Those two words seemed to burn into her mind.

Sugar looked from the telegram to Mary and then back again.

Mary stood in front of her, her breast heaving up and down with excitement. Sugar didn’t speak. Couldn’t speak.

“I almost forgot ’bout it, but like I said it’s been quite a while.” Mary stopped. She sat down because her legs were shaking. She breathlessly began again. “I sent word back sayin’ you weren’t here. I told them that you’d gone off to Detroit when you left here, but no telling where you could be by now.”

Sugar blinked and reread the words again.

“Oh, Sugar, ain’t it wonderful. Your mamma done come back for you. I know you grown and all, ’course it don’t matter how old you are, you always need your mama. Lord knows I wish mine was still around. Lord have mercy, Sugar. It’s like getting a second chance.” Mary was grinning from ear to ear.

Second chance? I never had a first chance. I suppose this should be considered as my only chance,
she thought to herself.

Sugar didn’t know what she was feeling. Something was whirling inside of her, causing her to swoon. Was it happiness? Anger? Sadness? Did this woman who abandoned her, now after thirty years, deserve to have her?

She grabbed for the table to steady herself. Mary moved in close and took her face in her hands. “It’s time,” Mary said in a tender voice. Mary’s face was so close to Sugar’s that she could smell the Juicy Fruit gum Mary chewed by the pack. She could see the stained yellow teeth and the scar that was barely visible on the tip of her nose. But what she concentrated on were her eyes. Mary’s eyes were calm and all knowing. “You got to go. Not to California, but Arkansas. Home,” she said with such quiet strength it shook Sugar to the bone.

“Baby, everybody got their own reasons for doing things they do in life. It don’t matter what her reason was at the time, what matters is she come back for you, and even though you might think it’s too late, it ain’t never too late where a mother and her child is concerned.”

Chapter Ten

W
EEKS
later, the banging was becoming irritating enough to drag Sugar kicking and screaming from the precious little sleep she could manage to steal. Sugar sat straight up and waited for the sound to come again, not sure if it was inside her head or outside her front door. It came again, a demanding knocking at her front door that caused her to jump, knocking over the nearby ashtray filled with butts and roaches.

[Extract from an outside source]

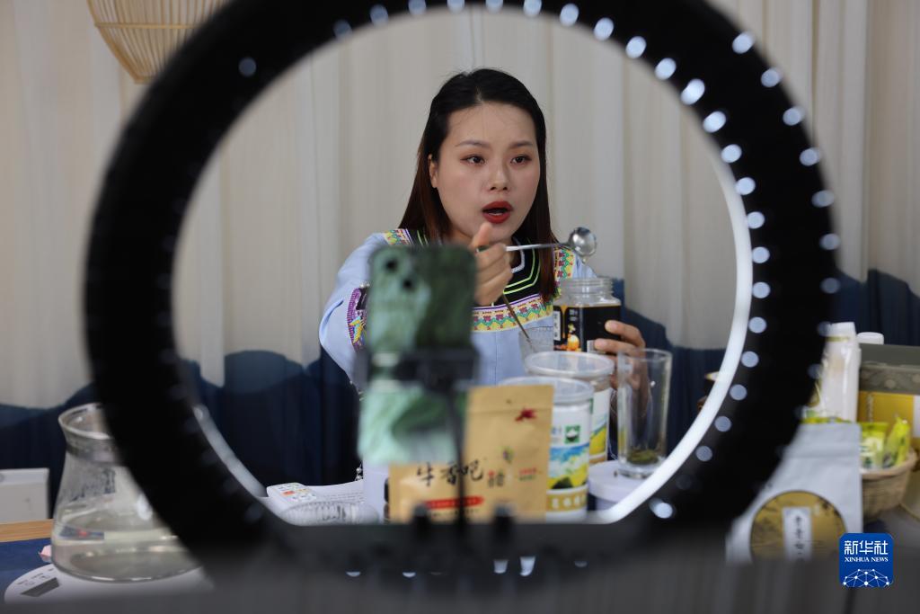 6月23日,在貴州省黔東南苗族侗族自治州榕江縣新媒體產(chǎn)業(yè)園一直播間,一名主播通過直播方式推銷當(dāng)?shù)靥禺a(chǎn)。新華社記者 歐東衢 攝

Reefer was a new soothing friend in her life. A joint and a drink made everything okay. Veiled her vision and made the tricks she turned bearable. Yes, it was a magic plant and it was helping Sugar to play the greatest trick of them all on herself.

Lappy Clayton introduced it to her the first time they fucked. She liked the way it made her feel, how it lifted her out of herself while at the same time allowed her to go deeper into herself. It made her laugh uncontrollably until her sides ached and tears fell in floods down her cheeks.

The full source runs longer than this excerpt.